### PROBLEM TO SOLVE:
Retype the opening lines of the data exactly, stopping after the line that contains "2 WOODEN CARVED". Skip every picture.

### INPUT DATA:
+++++

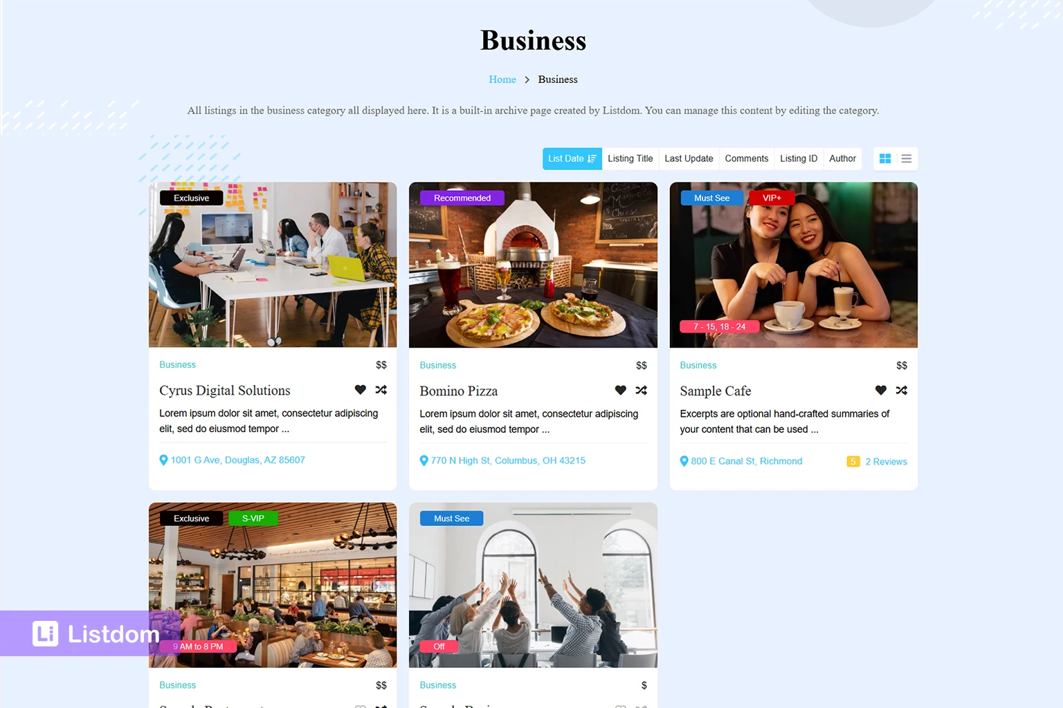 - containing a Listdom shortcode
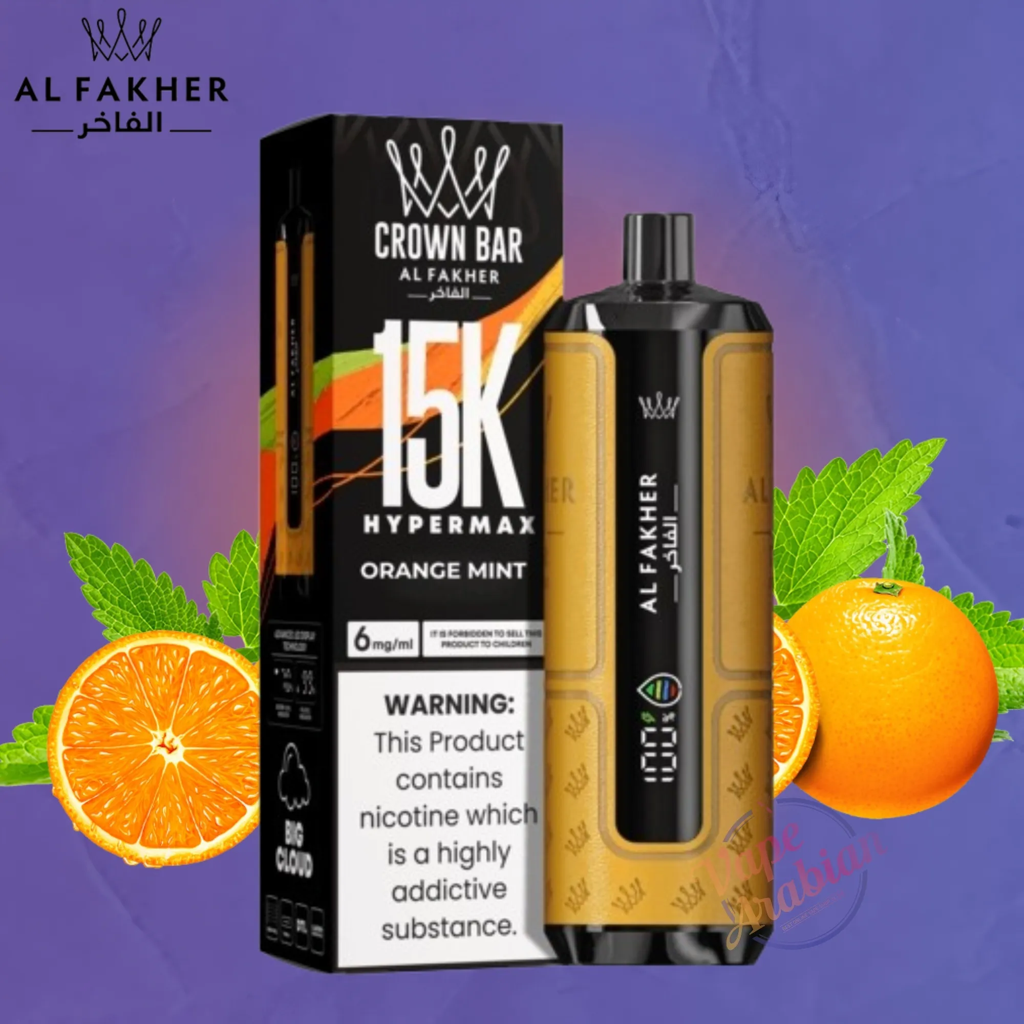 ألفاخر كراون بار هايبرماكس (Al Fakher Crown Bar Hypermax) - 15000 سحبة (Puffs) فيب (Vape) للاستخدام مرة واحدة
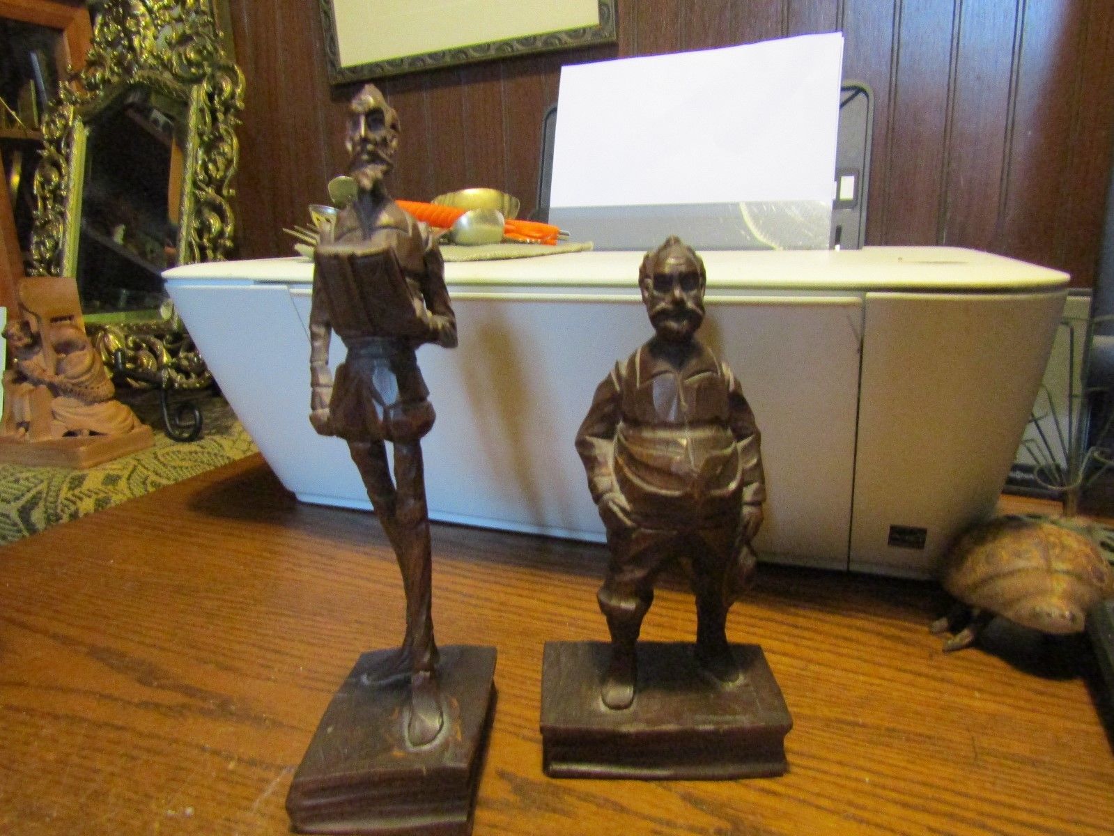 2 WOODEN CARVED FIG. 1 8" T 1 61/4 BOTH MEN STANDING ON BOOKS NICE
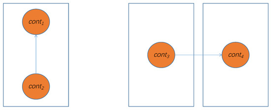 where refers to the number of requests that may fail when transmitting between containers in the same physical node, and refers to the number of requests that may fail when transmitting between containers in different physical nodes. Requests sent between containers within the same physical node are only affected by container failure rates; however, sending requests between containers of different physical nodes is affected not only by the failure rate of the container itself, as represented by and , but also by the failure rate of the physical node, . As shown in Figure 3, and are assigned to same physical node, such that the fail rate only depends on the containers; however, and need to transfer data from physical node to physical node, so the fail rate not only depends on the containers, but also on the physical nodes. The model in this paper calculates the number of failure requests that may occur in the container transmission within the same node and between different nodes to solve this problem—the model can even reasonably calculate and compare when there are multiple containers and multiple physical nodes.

+++++

### SOLUTION TO THE EXERCISE:
 - containing a Listdom shortcode
 ألفاخر كراون بار هايبرماكس (Al Fakher Crown Bar Hypermax) - 15000 سحبة (Puffs) فيب (Vape) للاستخدام مرة واحدة
 2 WOODEN CARVED FIG. 1 8" T 1 61/4 BOTH MEN STANDING ON BOOKS NICE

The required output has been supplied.